L&B has now overtaken Silk Cut as the UK’s second biggest brand, after the nation’s top-seller Benson & Hedges.

But despite throwing millions of pounds at Sovereign in promotion and advertising, Gallaher has failed to crack the quality-economy sector of the market. It has had to resort to “buying” share by holding price down and pushing Sovereign perilously close to own-label cigarettes at the bottom end of the market.

Gallaher now finds itself with a brand it is treating as premium product in terms of ad spend (estimated at 2m a month), on which it is making only small own-label margins.

Since launch, it has slipped from price parity with L&B, now retailing at 2.75 – to being between 7p and 10p cheaper (about 2.68 to 2.65 for a pack of 20). This is only a few pence more expensive than its stablemate Mayfair. Both brands will probably hold their prices, following last Monday’s 19p tax rise, until the end of January.

Imperial and Gallaher have been slugging it out for years in the UK market. By the beginning of this year Imperial was breathing down Gallaher’s neck.

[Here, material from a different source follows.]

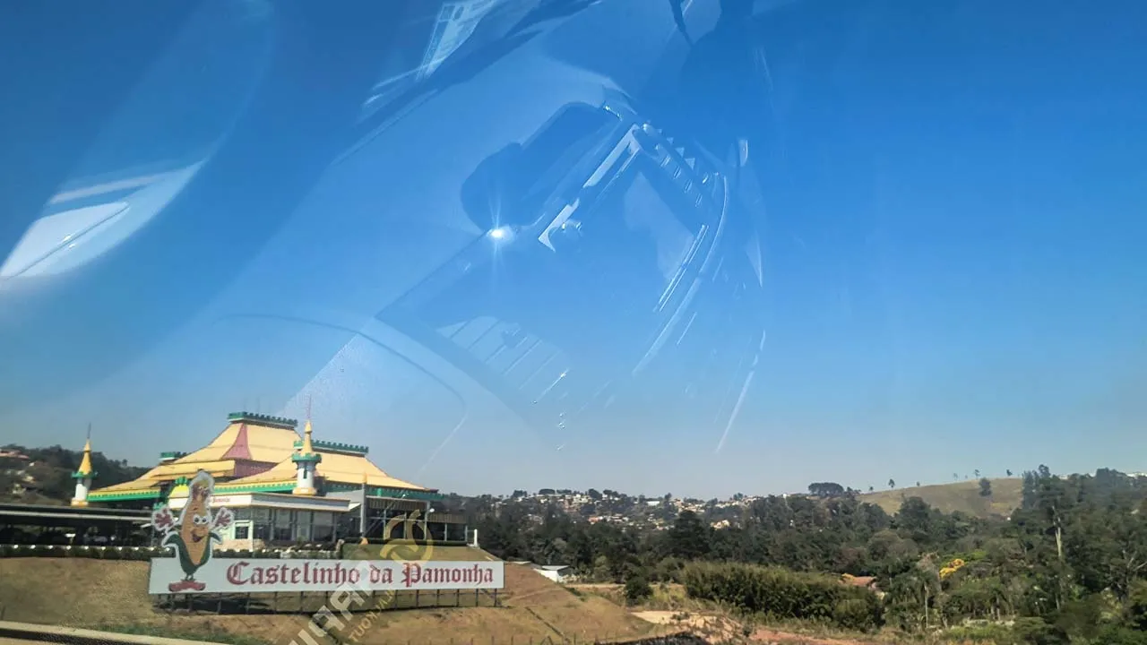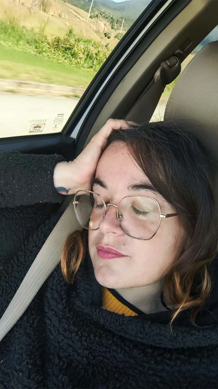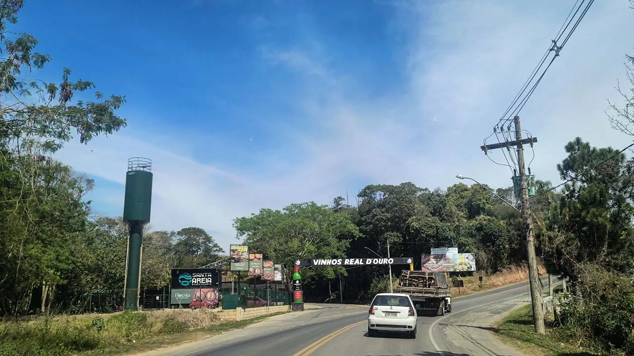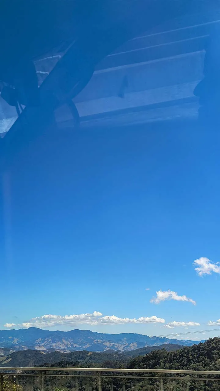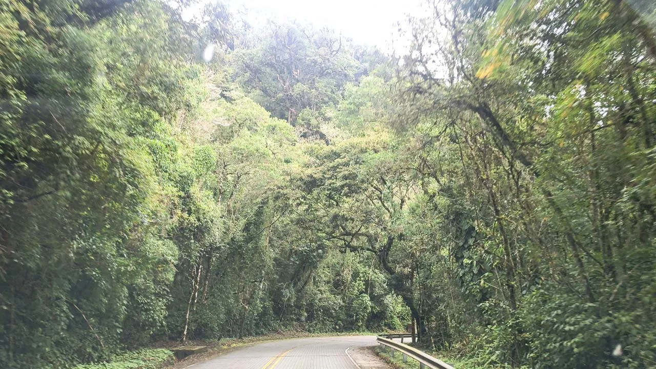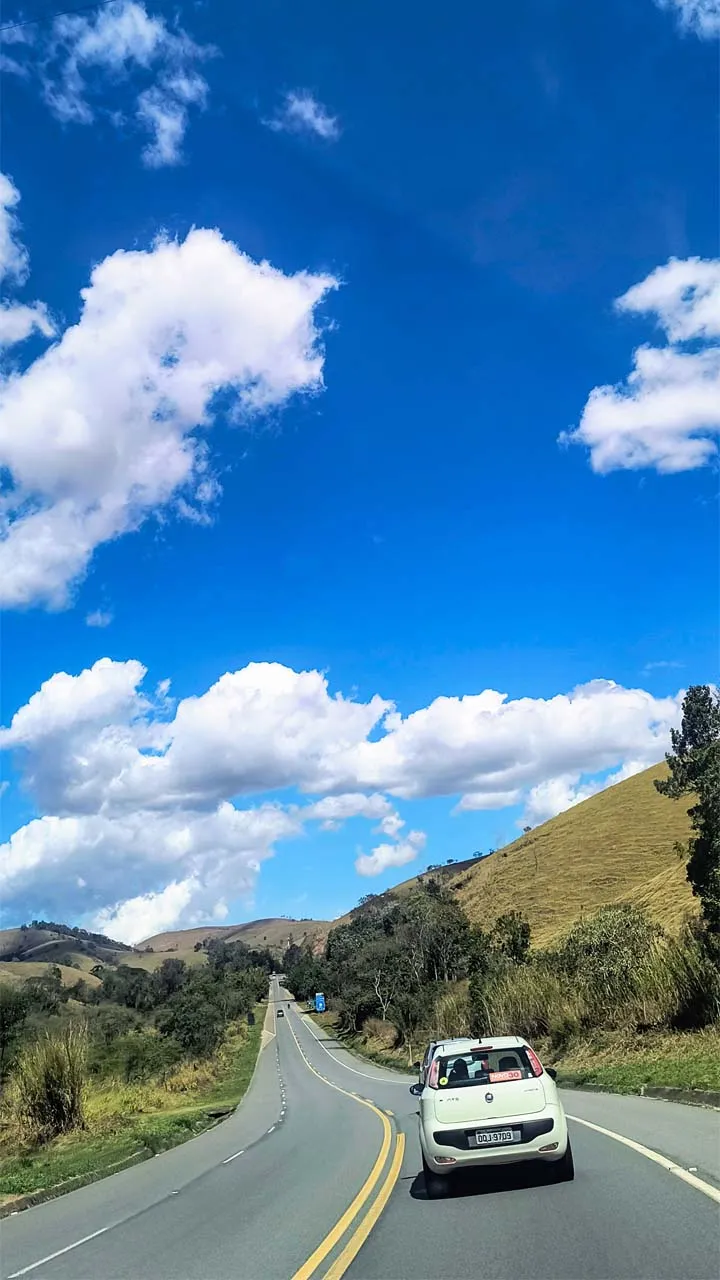 Pegamos estrada e enfrentamos muitas curvas no sobe e desce da serra — e nessas horas a Sthefanie sempre sofre um pouco, já que o estômago não gosta nada desse balançar.
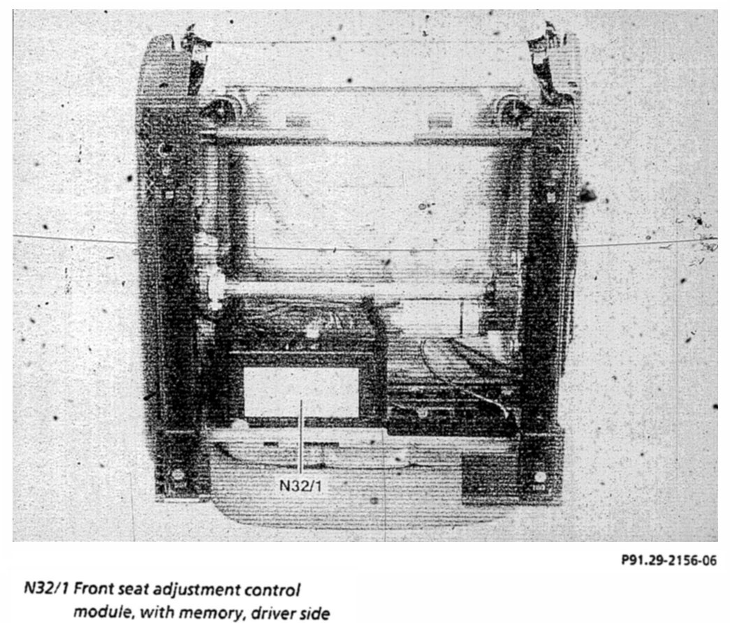 The front seat adjustment control module. with memory, driver side (N32/1) is located below the seat on the seat frame.

And it’s hurting. A competitor points out the importance of being number one to Gallaher’s corporate pride. “Gallaher wears a badge that says: ‘We are number one’. Imperial is a bit more pragmatic. It would rather have profitable share than share for share’s sake,” he says.

The issue of market leadership was particularly sensitive for Gallaher earlier this year when it was preparing to demerge from its US parent company American Brands. It floated on the Stock Exchange in June. Some observers explained its decision to hold down the prices of its low-cost brands as a mechanism for boosting the share price. Only in that way, they suggested, could it maintain market leadership.

The gap between the two narrowed to 0.7 per cent earlier in the year but Gallaher is again pulling away and now holds an estimated 39.5 per cent of the market to Imperial’s 37.9. The increased gap is attributed to the growth in volume share of Sovereign, which has a 2.2 per cent share, and is estimated to be worth 6m to 7m in annual profits. But it is a long way from the brand’s original target of 3.2 volume share.

Sovereign has undoubtedly slowed L&B’s growth, and it has forced Imperial to counter with increased advertising spend. In January it appointed Mustoe Merriman Herring Levy to create a new poster campaign, which features the “Jeeves and Bertie Wooster” style characters Lambert and his Butler.

This jousts with Sovereign’s black and white Jester campaign created by Gallaher roster agency M&C Saatchi, which has been criticised by the trade for failing to give the brand – supposedly a quality-economy product – a sufficiently premium image.

Despite Sovereign’s current profitability, Gallaher is understood to have told the trade it aimed to reach a volume share of 3.2 per cent prior to its launch, and this was at the relatively higher price point.

Some observers say Gallaher may try to build Sovereign’s share and only then will it gradually inch up its price. But in the highly cost sensitive cigarette market, it is difficult to increase prices once a brand becomes established with consumers.

In fact, it may be Imperial which makes the next decisive move. If Gallaher begins to take too much low-margin volume share with the combined weight of Sovereign and Mayfair, Imperial could launch an ultra-low price brand. It is not an option it relishes – some of L&B’s share will be cannibalised and margins will be punishingly low because tax will make up a large proportion of the pack price.

This is the third time Gallaher has tried, and failed, to establish a real competitor to L&B. It pushed Mayfair as a mid-market brand in the early Nineties but was forced to reposition it as a cheap product. It also tried and failed with Berkeley King Size, which now has a tiny share of about 0.2 to 0.3 per cent.

Of course, it may try a fourth time, but it will continue to face an uphill battle in hurting a well-established rival brand if it cannot offer smokers a real reason to switch.

Nobody from Gallaher was available for comment.